Um, we are already messy and we don't even have kids or a dog yet. We hardly vacuum though I am vigilant about keeping the kitchen clean. Once we have a dog we'll have to vacuum more often, I suppose.

d e v a n said...

If I can only have one clean room, it's the kitchen. The sink and countertops/table have to be clear and then I can breathe. I hate when the floor is dirty too, so I sweep often but mop 1-2x a week.
The rest of the house is alright. I love the play room because I can put all the toys in there and shut the door! Magically makes the whole house clean! hehe

clueless but hopeful mama said...

The taking one thing out at a time is helpful to keep things from getting out of control. And if I'm going to be picking things up for Zoe I've started telling her that I'd prefer she had a bath and I'll help her out by cleaning up the toys later. That way she doesn't think magic fairies just appear to do it for her.
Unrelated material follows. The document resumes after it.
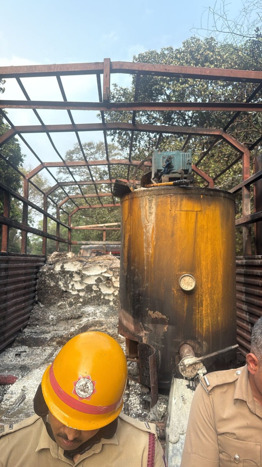 ಹೆದ್ದಾರಿಗೆ ಬಾರ್ಡರ್ ಪೇಂಟ್ ಮಾಡುವಾಗ ಬಾಯ್ಲ್ ರ ಹೀಟ್ ಆಗಿ ಬೆಂಕಿ ತಗುಲಿ ಲಾರಿಯಲ್ಲಿ ಇಟ್ಟಿದ್ದ ಭಾರತ್ ಗ್ಯಾಸ್ ಸಿಲಿಂಡರ್ ಬ್ಲಾಸ್ಟ್ ಆಗಿ ಲಾರಿ ಸುಟ್ಟು ಹೋಗಿದೆ. ಆದರೆ ಜೀವಹಾನಿ ಸಂಭವಿಸಿಲ್ಲ.

But mostly what helps? This flickr group. http://flickr.com/groups/inreallife/

Joanne said...

I have to sweep the kitchen floor once or twice a day because my one year old is all over the place and it's disheartening for me to see her eat a piece of day old cheese from the floor. I also got a shark for the downstairs (which only consists of the livingroom and kitchen) because I find it easier to use than a broom and dustpan - that is, the one year old can't get into it as easily. My son is autistic and HATES the real vacuum - like he hates the sight of it - so I have to use it when he is at school and also when my daughter isn't napping so ... it can be a tight schedule!

I don't have a schedule like you do for the dusting, bathrooms, etc., but I sort of wish I did. I like semblance and order and - well, have none of it anymore. :)

Kelsey said...

You are better than I am and I'm afraid you'll never be able to come over to our house because it must be filthy compared to yours! I clean whatever gets so dirty I can't stand it anymore- that's my system.

Incidentally, my mom drove herself and us crazy trying to keep the house spotless when we were growing up and I seriously think there was a psychological toll for all of us. It's probably okay to let some things go.

Astarte said...

It depends what day of the week it is. During the week, I generally tidy up the kitchen and clean things up while the kids are at school, in between doing errands and volunteer stuff. In the spring I vacuum a lot more frequently, and in fact when we had a house with carpet it was every day, because of the dog fur, but normally it's once a week or so. Sometimes it's more if I decide to split the house into sections, since we have four full stories that need to be done and frankly, that's a LOT of vacuuming.

When the kids were tiny, I did a lot of the cleaning up if it was nighttime, but if it was during the day I made them help some.